On June 27, 2011, this Court held a hearing on these matters, and for the reasons stated on the record at the conclusion of that hearing, this Court denied the Plaintiff’s Motion for Partial Summary Judgment, granted his Motion to Compel Enforcement of Settlement Agreement, and awarded a Final Judgment of Divorce based on the merits of the Plaintiff’s Complaint on now uncontested grounds.  At that time this Court also stated that it would further explain those rulings in a written Opinion to follow.  This is that Opinion.


This case’s precursor was originally filed in the Circuit Court for Worcester County, Maryland.  Robert Crum, Esquire represented the Plaintiff, Thomas Suit.  Jeffrey Ray, Esquire formerly represented the Defendant, Cynthia Suit.  As a result of protocols and procedures established both through the Maryland Rules of Procedure and the implementation of those Rules by the Circuit Court for Worcester County, the parties were referred to mediation of all previously unresolved issues with a qualified and Court-approved Mediator Barbara R. Trader, Esquire.  The conduct of the parties, their counsel, and even intermittently, the Mediator at that mediation on February 2, 2010, would ultimately become an issue before this court as a result of the events that followed. 

At the conclusion of the mediation, it is undisputed that the parties signed a handwritten document executed in the presence of their counsel and, in fact, also signed by them.  This document was later produced in the proceeding in the Circuit Court for Calvert County and admitted into evidence.  Its characterization by Plaintiff through his counsel as a “Settlement Agreement” generated the major issues in this case.

Defendant disputed that characterization by alleging alternatively that at the time she signed the document she did so under “duress,” that she lacked the capacity to knowingly and intelligently enter into the “Settlement Agreement,” and that Plaintiff somehow abandoned the “Settlement Agreement” as a result of the subsequent actions and delays by him and his counsel. 

This Court heard and saw no evidence during the June 27 Hearing to even suggest an inference that during the Worcester County mediation Mrs. Suit in any way exhibited a lack of capacity to discuss and resolve the issues in the case.  There were vague allusions to “duress” by the Mediator and later by Plaintiff’s counsel.  Though all accusations about the conduct of the Mediator were expressly withdrawn or disclaimed by Counsel for Mrs. Suit, Thomas McCarthy, Esquire at both the April 6, 2011, and the June 27, 2011 hearings in Calvert County, this was not done in time to avoid a subpoena and a subpoena duces tecum being issued and served on the Mediator, Barbara R. Trader, at the request of Plaintiff’s counsel seeking evidence to defend his position that Mrs. Suit did not suffer from “duress” or any lack of capacity affecting her ability to enter into a settlement agreement.

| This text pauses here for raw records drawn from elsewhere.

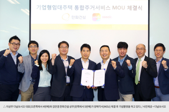 한편 쏘시오는22일 한화건설과 뉴스테이 (기업형 임대주택)의 통합주거서비스 플랫폼 제공 및 운영에 대한 양해각서(MOU)를 체결하면서 뉴스테이를 추진하고 있는 다양한 건설사들과 유사한 협력이 확산될 것으로 기대할 뿐만 아니라, 일부 건설 관계자들은 통합주거서비스를 해외 신도시 프로젝트의 주요 아이디어로 활용하고자 한다고 밝혔다.이정혁 기자 jjangga@sportschosun.com
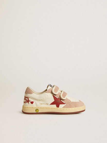 Rêvez des années 1980. Nos sneakers Golden Goose Ball Star font référence à l’esprit des universités américaines, entre un tir au panier et un tour en skateboard. Doté d’une tige en cuir nappa blanc, ce modèle se distingue par une étoile en cuir nappa rouge ainsi que par des empiècements et un contrefort en cuir velours vieux rose. Le smiley en contraste sur la bande de renfort, le cœur rouge brodé sur la tige et la fermeture à scratch en cuir velours vieux rose apportent la touche finale : les belles choses ne se démodent jamais.
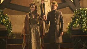 3. Staffel, Folge 8: Tyrion Lannister und Sansa Stark heiraten, um das Bündnis ihrer Familien zu besiegeln. Daenerys Targaryen bereitet sich unterdessen auf ihren Krieg gegen Yunkai vor.
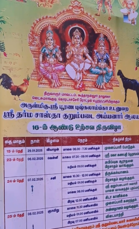 கூத்தாநல்லூர் லெட்சுமாங்குடி மெயின்ரோட்டில் அமைந்துள்ள ஸ்ரீபூரண புஷ்கலாம்பிகா உடனுறை ஸ்ரீதர்ம சாஸ்தா குறும்படை அய்யனார் ஆலயத்தின் 16-ம் ஆண்டு உற்சவ திருவிழா விமரிசையாக நடைபெற இருக்கிறது. இவ்விழாவின்...

The Mediator immediately filed a Motion to Quash the Subpoena Duces Tecum requiring her to personally appear in this Court to testify and produce her notes which describe what she observed in the mediation and what occurred therein.  This Court’s ruling on that Motion may be of interest not only to the Mediator in the instant case, but to other mediators and the “mediator community” as well.  It is this Court’s hope that I thoughtfully address the conflicting priorities that the Maryland Court of Appeals sought to balance when enacting the applicable Series 17 Rules of Procedure. 

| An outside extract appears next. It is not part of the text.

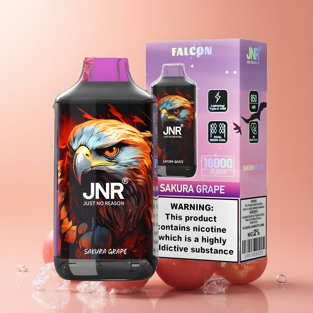 JNR Falcon 16000 Puffs Eldobható E-szigaret Sakura Szőlő & Magyarország Nagyker – 16000 Puff, 850 mAh, 22ml, Dual Mesh Coil, Type C & Lightning, Smart LED, 0%/2% Nikotin
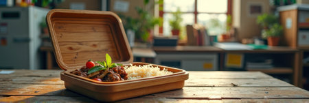 An AI generated illustration of A freshly-prepared lunch in a box sits atop a wooden table.

This Court’s ruling was to deny the Mediator’s Motion to Quash and require her to testify.  The reasons follow.

The first consideration was that the Motion was filed and made solely by the Mediator.  Although it was “joined” by the Defendant’s verbal proclamation in open court through her counsel, the record of this case reflects that the Motion was solely the Mediator’s, and there was never a formal written joinder by the Defendant.  This fact was certainly not dispositive, but this Court views it as significant in light of the express language of Maryland Rule 17-109, entitled “Mediator Confidentiality.”

Rule 17-109 states that generally all “mediation communications” are confidential and that “a Mediator…may not disclose or be compelled to disclose “mediation communications” in any judicial, administrative, or other proceeding.”  Subparagraph (b)(2) Rule 17-109 states that the parties and any others present may not disclose mediation communications or be compelled to do so in any similar proceeding, and subparagraph (c) specifies that an agreement signed by the parties is not confidential unless the parties otherwise agree. 

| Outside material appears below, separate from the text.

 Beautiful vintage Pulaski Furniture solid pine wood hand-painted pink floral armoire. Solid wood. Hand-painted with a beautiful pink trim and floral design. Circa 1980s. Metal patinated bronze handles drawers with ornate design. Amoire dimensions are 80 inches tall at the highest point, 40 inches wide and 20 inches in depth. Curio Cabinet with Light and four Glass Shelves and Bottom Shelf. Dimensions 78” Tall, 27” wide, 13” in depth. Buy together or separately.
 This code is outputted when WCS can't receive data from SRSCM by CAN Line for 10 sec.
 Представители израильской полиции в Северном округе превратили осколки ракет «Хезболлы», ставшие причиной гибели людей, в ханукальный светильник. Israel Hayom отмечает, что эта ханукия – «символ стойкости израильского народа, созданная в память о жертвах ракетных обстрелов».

Rule 17-109 clearly directs that “a mediator and any person present or otherwise participating in the mediation…shall maintain the confidentiality…” However in subparagraph (b)(1), it pointedly confines the right to enter into a written agreement to maintain confidentiality of all “communications” to “the parties.” And in (b)(2) the express language of the Rule again narrows who can assert the right to maintain confidentiality to “the parties” and “any person present or otherwise participating in the mediation at the request of a party” (emphasis added).

Nonetheless, the express language of Maryland Rule 17-109(d) provides direct and specific guidance applicable to the case at bar.  That Rule directly addresses “Permitted Disclosures” of “mediation communications”, as follows:


“a mediator and a party may disclose or report mediation communications to a potential victim or the appropriate authorities to the extent that they believe it necessary to help:

(1) prevent serious bodily harm or death,

(2) assert or defend against allegations of mediator misconduct or negligence, or

(3) assert or defend against a claim or defense that because of fraud, duress, or misrepresentation a contact arising out of a mediation should be rescinded.”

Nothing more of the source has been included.